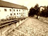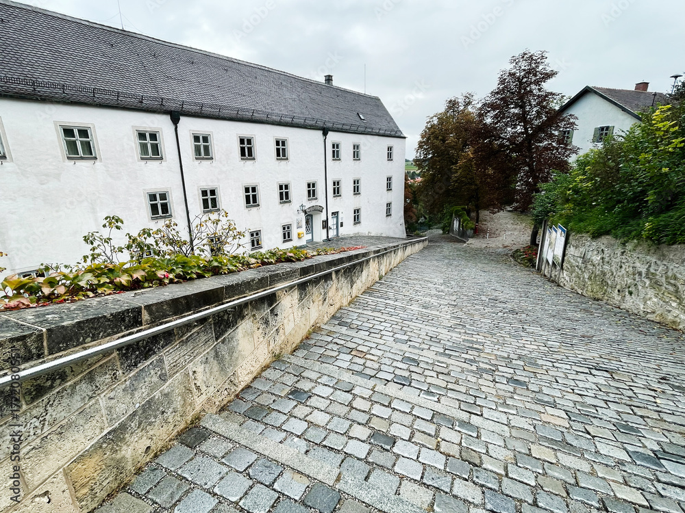 Quiet cobblestone street in Andechs, Germany with white historic building and tree lined slope
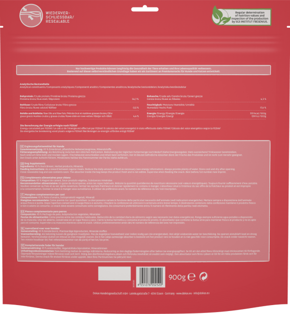 Als Belohnung zwischen den üblichen Mahlzeiten. Max. 10% des täglichen Energiebedarfs zur Verfütterung empfohlen (Siehe Energieangabe). Der Bedarf variiert nach Gewicht, Aktivität und Rasse. Entsprechend die tägliche Hauptfuttermenge reduzieren und stets ausreichend Trinkwasser bereitstellen. Den Snack unter Aufsicht füttern. Der im Beutel befindliche Absorber dient der Frische des Produktes und ist nicht zum Verzehr geeignet. Nach Anbruch kühl und trocken lagern und Inhalt bald verfüttern.
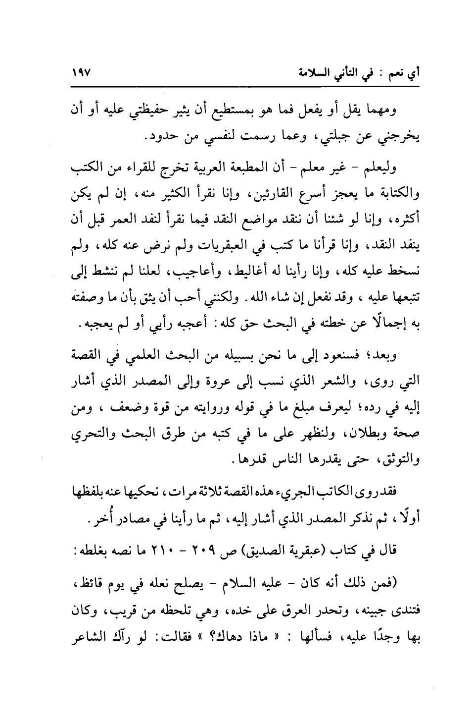 وبعد؛ فسنعود إلى ما نحن بسبيله من البحث العلمي في القصة التي روى، والشعر الذي نسب إلى عروة وإلى المصدر الذي أشار إليه في رده؛ ليعرف مبلغ ما في قوله وروايته من قوة وضعف، ومن صحة وبطلان، ولنظهر على ما في كتبه من طرق البحث والتحري والتوثق، حتى يقدرها الناس قدرها.
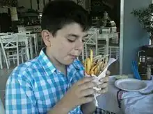 - (γαστρονομία) (στη νότια Ελλάδα και ιδίως στην Αθήνα) γενική ονομασία για κάθε είδους πρόχειρο φαγητό που αποτελείται από ειδική πίτα για σουβλάκια, τυλιγμένη, που μέσα μπορεί να περιέχει κρέας από σουβλάκι ή γύρο ή μπιφτέκι και άλλα συμπληρωματικά υλικά (συνήθως ντομάτα, κρεμμύδι και τζατζίκι)
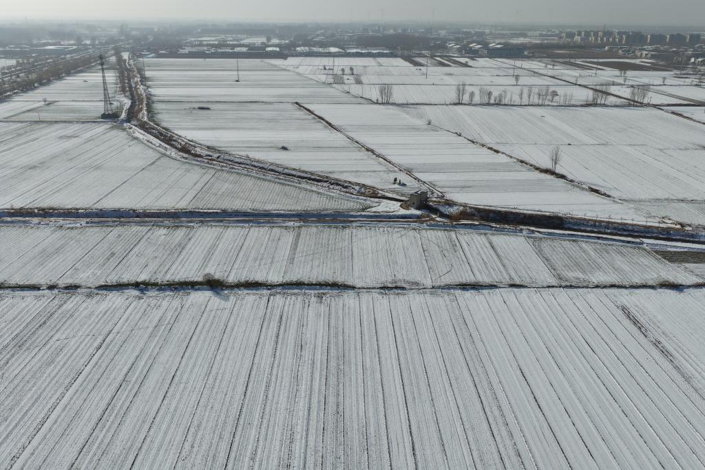 12月14日,河南省兰考县三义寨乡的麦田已被积雪覆盖。新华社发 李春亮 摄
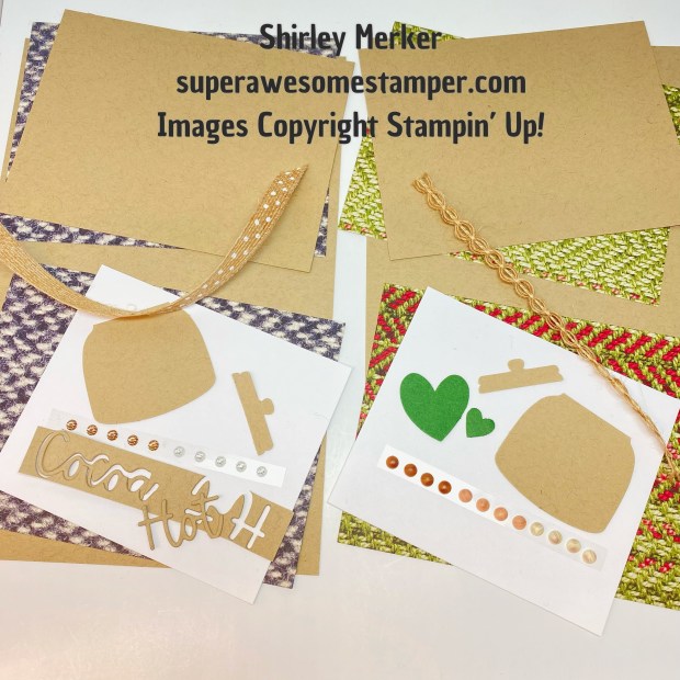 Please note you need to add your stamp sets to create the pattern on the card stock and jar images. We are not allowed to include stamped images in kits. I used the following supplies to complete my kits which you can purchase through my online Stampin’ Up! store by clicking this link.
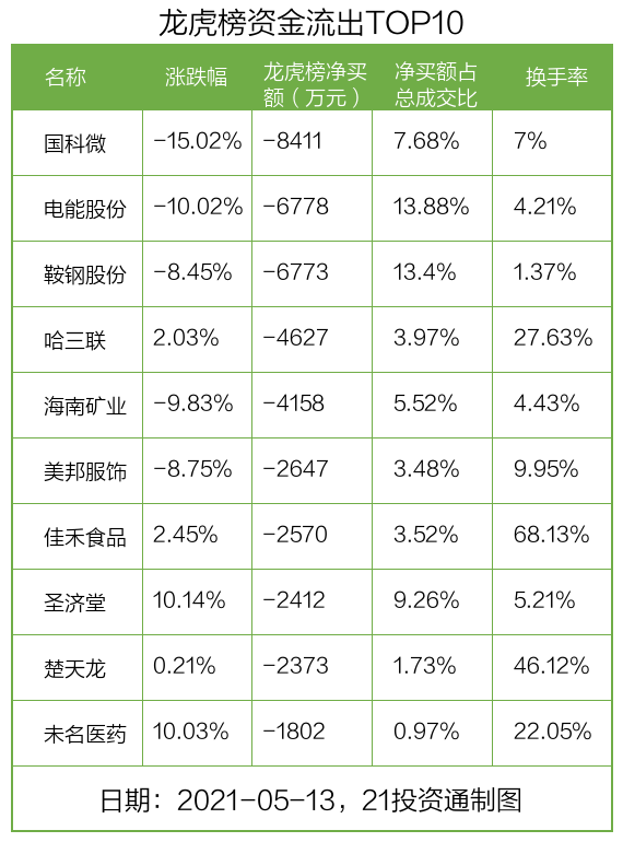 而龙虎榜中资金净流出最多的是国科微(300672.SZ),被净卖出为0.84亿元,占总成交金额的7.68%。国科微收盘下跌15.02%,换手率为7%。
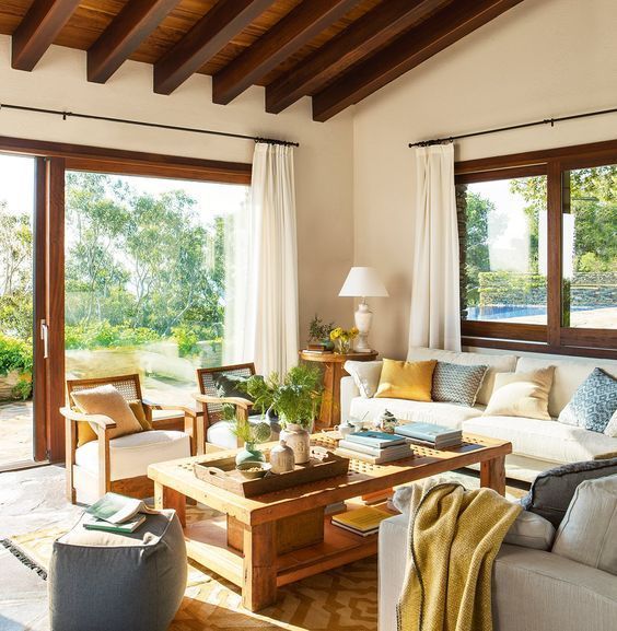 Piensa en un concepto que será indispensable para que puedas decorar tu casa como en una revista: naturalidad. El estilo campestre se ha modernizado y los colores más oscuros para las paredes han pasado de moda. Blanco, beige o colores tierra muy claros deberían predominar para darle luz a las estancias. De esta manera podrás combinarlos con revestimientos como la piedra, la madera o el ladrillo a la vista, siempre en tonalidades claras. Otros elementos estructurales que pueden darle un aspecto campestre a la casa, si podéis incluirlos, serían las vigas de madera, aunque sean incorporadas.
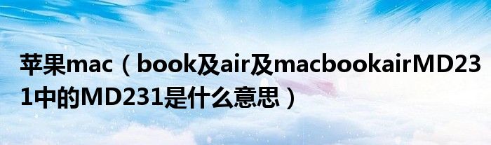 1,macbookairMD231中的MD231是什么意思:是型号,代表了你本本的类型,尺寸及出厂年份 比如说:MD102是12年初的13in-ch ProMD231是12年初的13in-ch AirMD313是11年末的13in-ch ProMC725是11年初的17in-ch Pro??M打头就是apple电脑希望能帮到你,谢谢
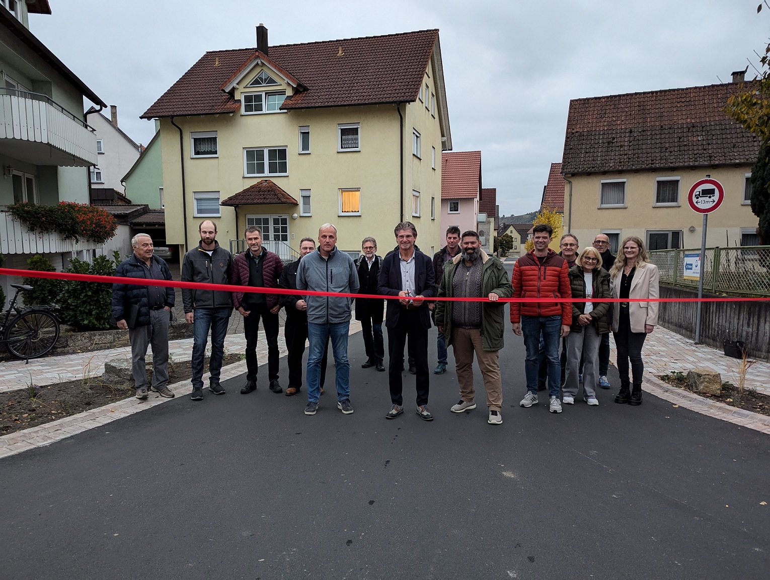 Ein Schlückchen in Ehren kann niemand verwehren: Direkt vor der Sitzung des Gemeinderates erfolgte die offizielle Freigabe der modernisierten Burgstraße – ein Grund zum Anstoßen. Bevor Bürgermeister Frank Menikheim das Band durchschnitt, würdigte er das gute Miteinander aller an der Maßnahme Beteiligten, darunter die Firma Benninger Bau sowie das Ingenieurbüro Dreikant mit Diplom-Ingenieur Andre Metzger an der Spitze. Der Rathaus-Chef nannte die Maßnahme „bedeutend und gelungen“. In einer vorbildlichen konzertierten Aktion habe man es geschafft, nicht nur zeitlich alles hinzubekommen, sondern auch innerhalb des ursprünglichen Kostenrahmens von 950 000 Euro zu bleiben, wie auch Andre Metzger bestätigte. Nachdem nun auch die Pflanzbeete bestückt und sämtliche kleinen Restarbeiten beendet worden seien, sei die Maßnahme abgeschlossen. In Sachen Ortssanierung sei nun ein weiteres Puzzleteil hinzugefügt worden.
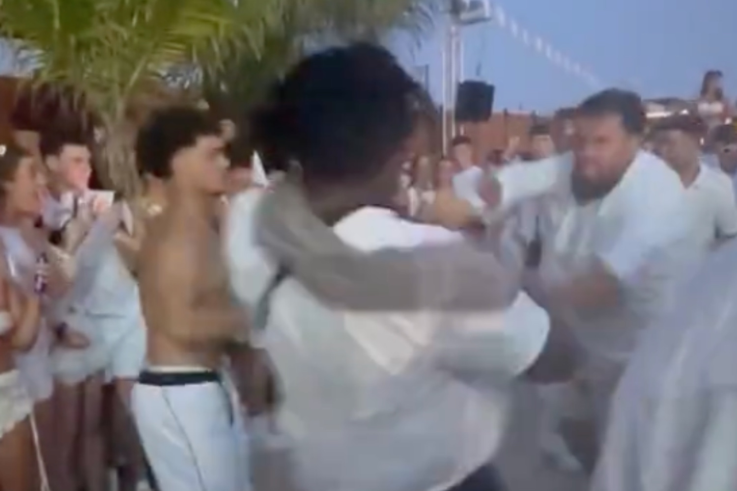 Σύμφωνα με βίντεο που δημοσίευσε η Daily Mail, δύο νεαροί άνδρες που φορούσαν λευκά σορτς συνεπλάκησαν με μια άλλη ομάδα, αποτελούμενη από μεγαλύτερους σε ηλικία άνδρες, επίσης ντυμένους στα λευκά.
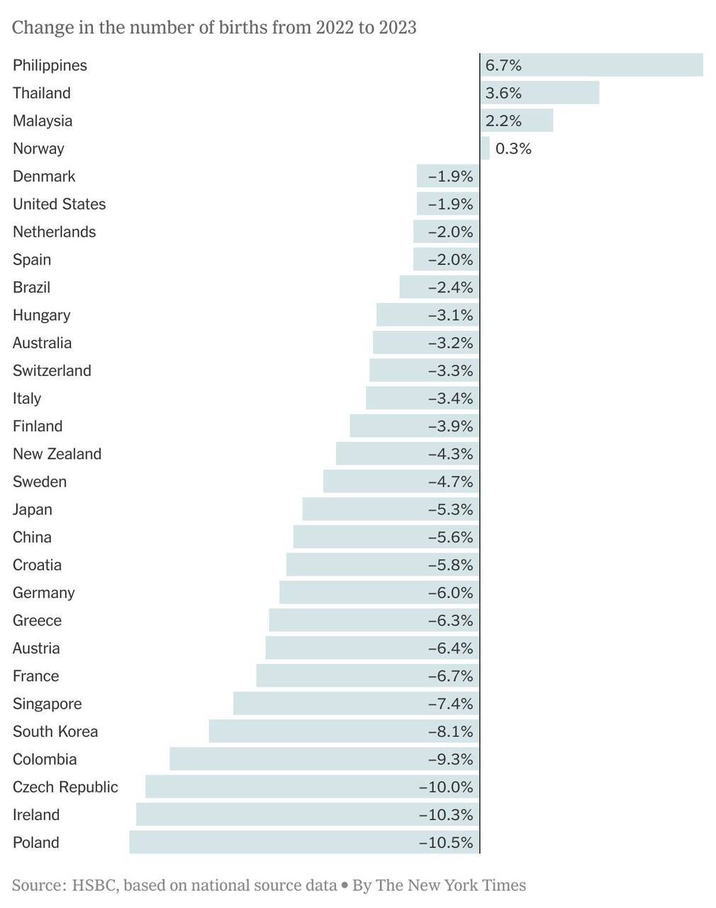 πΠΠ·ΠΌΠ΅Π½Π΅Π½ΠΈΡ ΠΊΠΎΠ»ΠΈΡΠ΅ΡΡΠ²Π° ΡΠΎΠΆΠ΄Π΅Π½ΠΈΠΉ Π² ΡΡΠ΄Π΅ ΡΡΡΠ°Π½ Π² 2023 Π³ΠΎΠ΄Ρ ΠΊ 2022 Π³ΠΎΠ΄Ρ
§
Only one thing is required: an exact printout of the lines from the line containing "Σύμφωνα με βίντεο" through the last line of the records, pictures excluded.

 Σύμφωνα με βίντεο που δημοσίευσε η Daily Mail, δύο νεαροί άνδρες που φορούσαν λευκά σορτς συνεπλάκησαν με μια άλλη ομάδα, αποτελούμενη από μεγαλύτερους σε ηλικία άνδρες, επίσης ντυμένους στα λευκά.
 πΠΠ·ΠΌΠ΅Π½Π΅Π½ΠΈΡ ΠΊΠΎΠ»ΠΈΡΠ΅ΡΡΠ²Π° ΡΠΎΠΆΠ΄Π΅Π½ΠΈΠΉ Π² ΡΡΠ΄Π΅ ΡΡΡΠ°Π½ Π² 2023 Π³ΠΎΠ΄Ρ ΠΊ 2022 Π³ΠΎΠ΄Ρ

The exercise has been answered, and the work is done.